Wednesday, May 14, 2014

death in ecstasy

     Life on planet Bubbles wasn't easy. I remember when we first landed. Our problems started when we were trying to land for the first time. We could not find a place to land. The whole planet was covered with bubbles. That's how the planet got its name.
     We were afraid the bubbles would be hazardous if we tried to land on them, so we went into orbit around the planet while we figured out what to do. In frustration our mechanic threw a wrench at the bubbles. Where the bubbles had been an enormous black hole opened up. The black hole swept us in like a vacuum cleaner. We were moved through the hole at very high speeds. We were going so fast that everything turned into bursts of color.
     Then we came to a rapid stop. Flower-covered valleys, rolling hills, gleaming lakes, sparkling rivers, and majestic mountains all around us. Under a cluster of daffodils we found the wrench the mechanic had thrown.
     One day, Joan, our sport's heroine, came running up to me yelling, "Come quickly. Humans have been spotted."
     "Wait, Joan," I said. "Let me find the rest of the crew. I'm sure they'd like to see the humans too."
     "They're waiting for you, sir." said Joan.

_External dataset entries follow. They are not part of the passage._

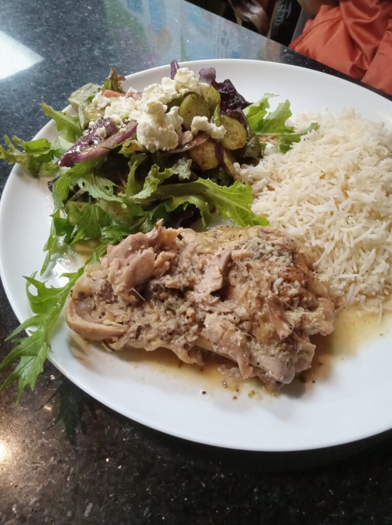 *Spiced oven-baked chicken (side: Greek salad, pilaf).
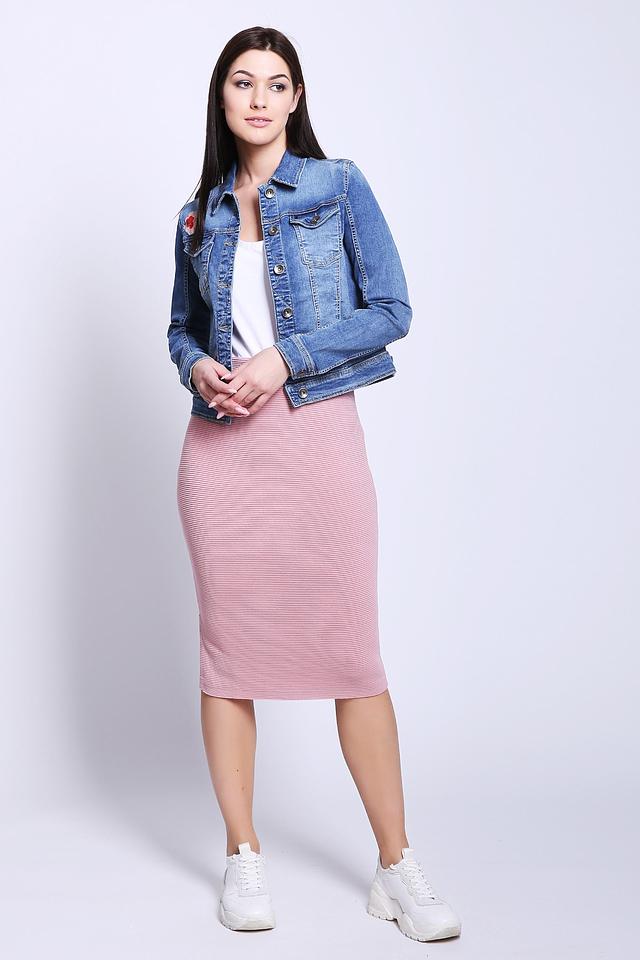 Юбка Pezzo нежно-розового цвета в полоску – это стильное и комфортное решение для создания повседневного образа. Приталенный силуэт и небольшой разрез сзади добавляют изысканности. Изготовлена из приятной к телу ткани. Состав: вискоза 50%, хлопок 33%, полиамид 17%
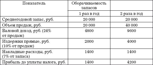 Получить точную картину средней оборачиваемости можно, только выявив и те, и другие. После избавления от этих запасов оборачиваемость возрастает. При увеличении оборачиваемости возрастают объем реализации и прибыль. Стоимость содержания запасов на складах растет из года в год вследствие инфляции, роста стоимости аренды помещений, расходов на заработную плату, накладных расходов и т. д., что вызывает естественное стремление снизить уровень запасов за счет более частого заказа товаров меньшими партиями. Зависимость увеличения прибыли от ускорения оборачиваемости показана в таблице. Увеличение оборачиваемости вдвое увеличивает прибыль втрое.
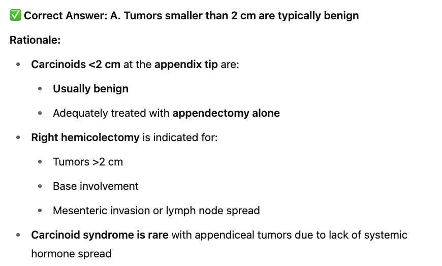 D. Appendectomy is insufficient treatment for any carcinoid tumor

     I grabbed my coat and ran, ran as fast as I could, not watching for obstacles in my path, finally arriving at the canyon where Joan had spotted the humans. No one was visible anywhere.
     "Joan, this isn't funny," I said.
     "But it's true," she pleaded. "I swear to God it's true."
     We decided to split up into search parties. Joan went North, I went South, Ben and Al headed East, and Esther followed the West trail.
     I found an interesting flower that had huge orange petals. A strange silver ball fell out of the flower. I picked it up and put it in my bag with the rest of my stuff. I walked about a quarter of a mile picking up things of value, such as fruit on the ground and water from a spring. Still, I saw no sign of humans.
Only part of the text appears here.